Extract verbatim every line from the one containing "Romy Schneider Museum Schloss Klein Loitz" to the final line of the records below, inclusive, and exclude all pictures.

[Stored items from a collection]
BEGIN

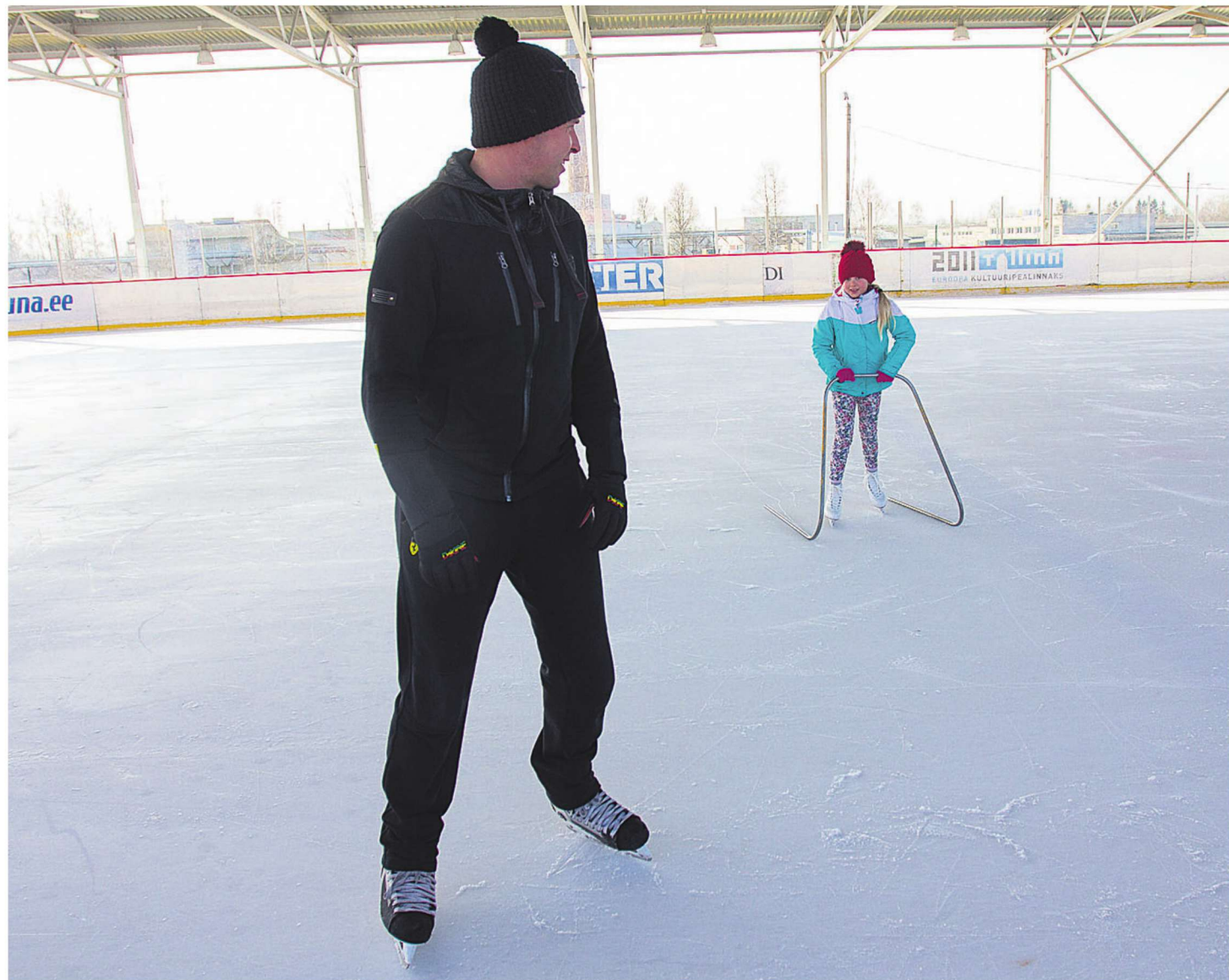
Ehkki uisutajaid on tänava väljakul käinud palju, ei jätku piletitulust, et suurt elektriarvet maksta.

Riigikohus andis riigi ja Edelarauttee vahelises kohtuvaidluses õiguse riigile ning lubas tal sõlmida lepingu endale kuuluva ettevõttega ilma konkursita. Kohtuotsuse kohaselt jääb jõusse riigi ja Elroni vaheline nelja aasta pikkune leping.
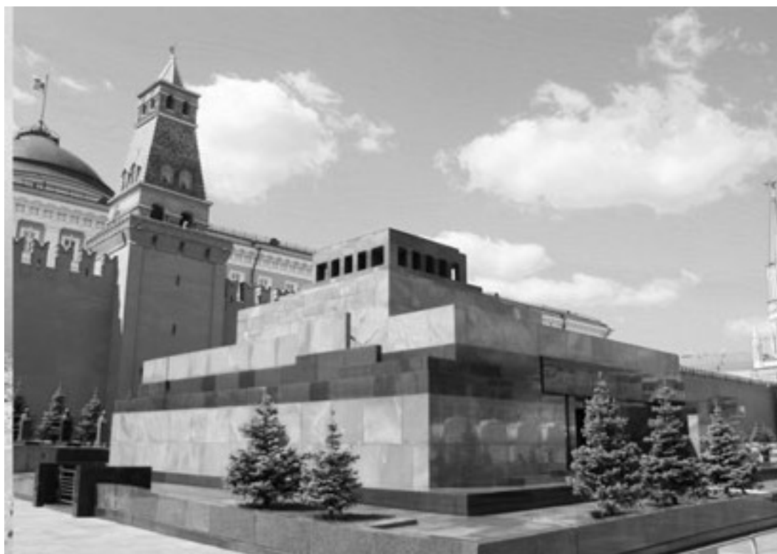
Древнешумерский зиккурат и мавзолей Ленина
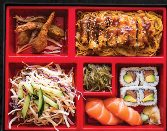
Poulet yakisoba / 23,90 €
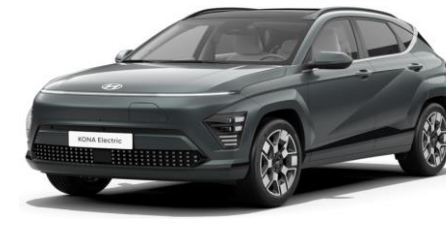
Jupiter Orange Metallic (PL2) SOP 04.2024
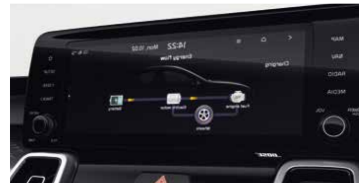
ÉCRAN DE NAVIGATION DE 10,25"

COMBINÉ D'INSTRUMENTATION 100% DIGITAL DE 12.3" De conception ingénieuse et personnalisable, le combiné d'instrumentation 100% digital de 12.3" fournit des informations sur la température, la pression de gonflage et d'autres paramètres clés du véhicule et du trajet. Il affiche également le statut du système de charge hybride, notamment les niveaux de carburant et de la batterie, ainsi que le mode sélectionné. Son écran haute résolution permet de lire toutes les informations pertinentes d'un simple coup d'œil.
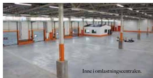
Inne i omlastningscentralen.
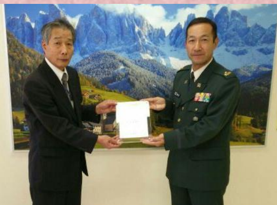
姫信ビジネス株式会社 様
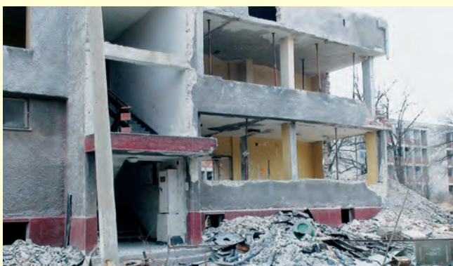
Това, което заварихме What we found at the beginning

Комисията изпълни изискването по закон и създаде Централизиран архив на документите на ДС и РС на БНА. Приемането на документи и попълването на архива започна от първия ден на нейната работа. Междувременно бе изграден модерен комплекс в град Баня. Двата големи корпуса, в които се помещават архивите, са оборудвани с най-съвременните стелажни системи, а документите се съхраняват при режим, който отговаря на най-високотехнологичните изисквания относно грижата към запазване на оригиналите.
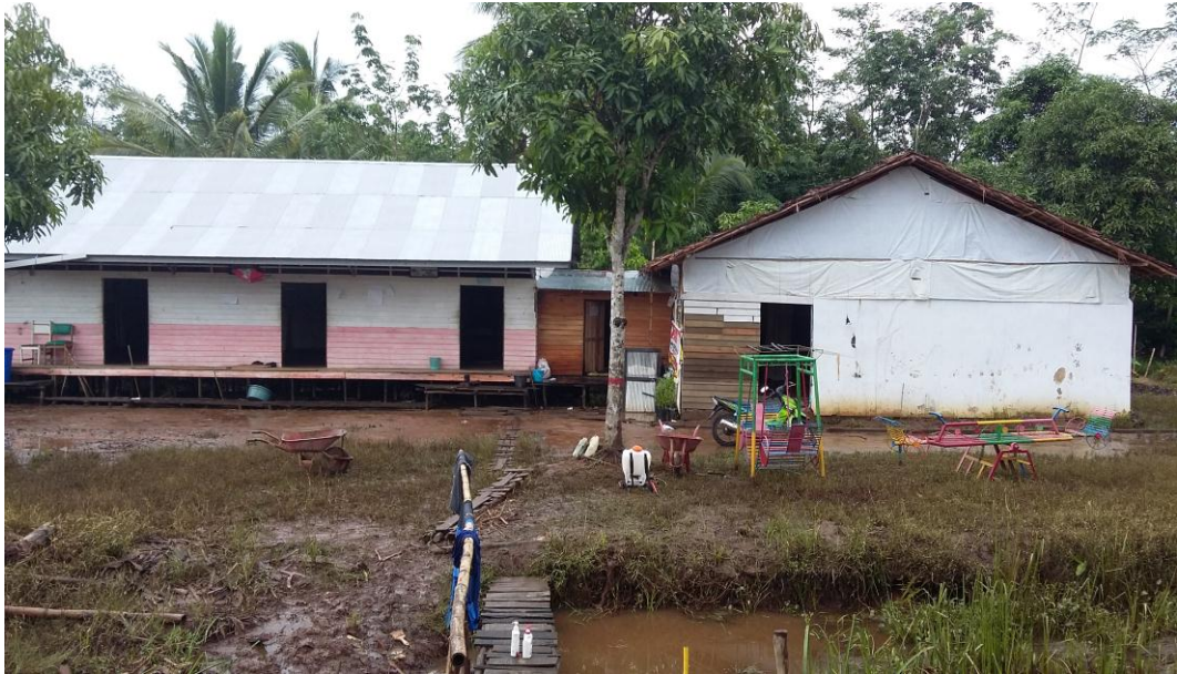
Lokasi penelitian di Yayasan Abi Manap
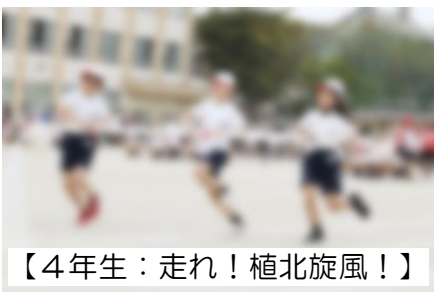
【4年生：走れ！植北旋風！】
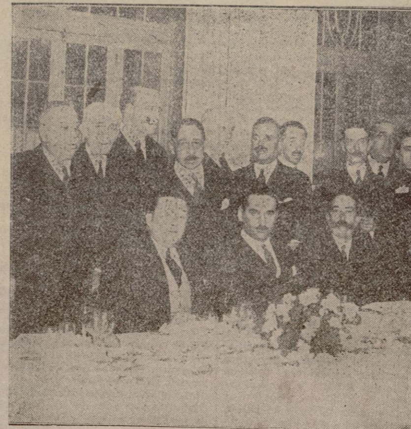
MADRID.—En el Palace Hotel se ha celebrado un banquete por el Comité de Madrid con motivo del proyecto de la autostada Madrid-Cuenca-Valencia, de una grandísima importancia para el tráfico vieno a cumplir en la red de carreteras de Esp.ña una necesidad imperiosa.
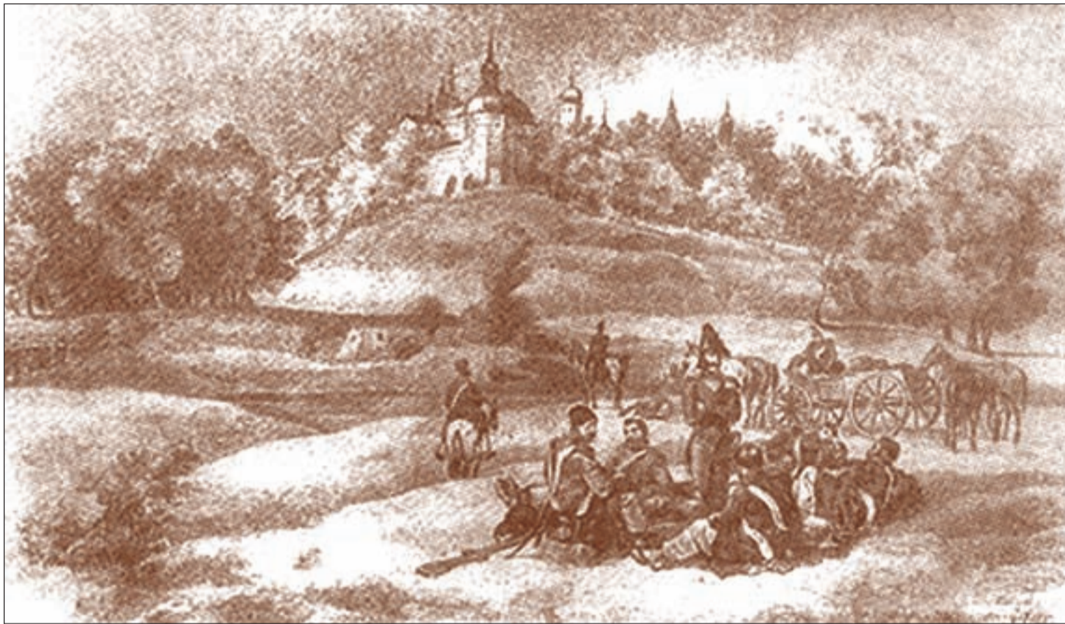
• Французы в окрестностях Звенигорода. Литография Альберта Адама.

«...отряд его (Винценгероде), подкрепленный одним егерским полком и шестью конными орудиями, получил назначение как можно скорее занять Звенигород и затруднить по дороге от этого города к Москве те войска, которые будут направлены по этому тракту от неприятеля. Винценгероде, в сопровождении моем опять поскакал (от Кутузова из Можайска 27 августа) ... к отряду, и на пути
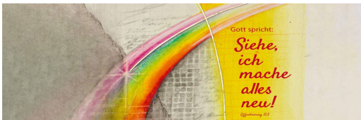
Jahreslosung 2026 Motiv von Stefanie Bahlinger, Mössingen, www.verlagambirnbach.de
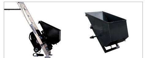
AUTOMATICKÝ KONTEJNER 70 l
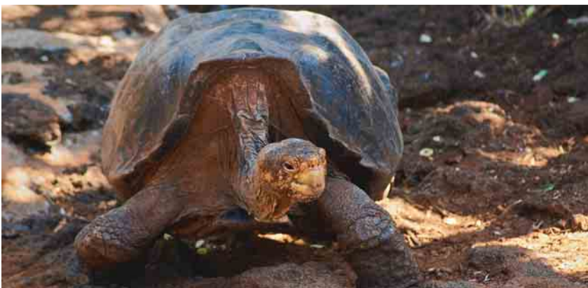
Lonesome George, de laatste der Pinta-schildpadden.

• Belangrijk: zonnebrandolie van een hoge factor (+40) is een absolute noodzaak.
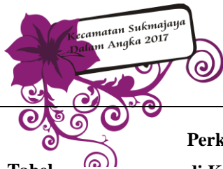
Tabel Table 10.1
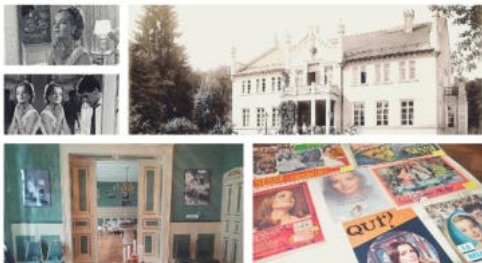
Romy Schneider Museum Schloss Klein Loitz

Das Museum präsentiert in einer Ausstellung das soziale Engagement der Schauspielerin. Romy Schneider engagierte sich für Künstlerinnen und Künstler der DDR, für Personen, die in der DDR unter Berufsverboten litten. Zu jeder vollen Stunde wird eine Dokumentation zur Ausstellung in bewegten Bildern gezeigt.
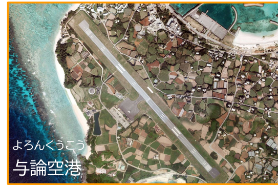
よろんくうこう 与論空港

END

• Solution to the exercise:
Romy Schneider Museum Schloss Klein Loitz

Das Museum präsentiert in einer Ausstellung das soziale Engagement der Schauspielerin. Romy Schneider engagierte sich für Künstlerinnen und Künstler der DDR, für Personen, die in der DDR unter Berufsverboten litten. Zu jeder vollen Stunde wird eine Dokumentation zur Ausstellung in bewegten Bildern gezeigt.
よろんくうこう 与論空港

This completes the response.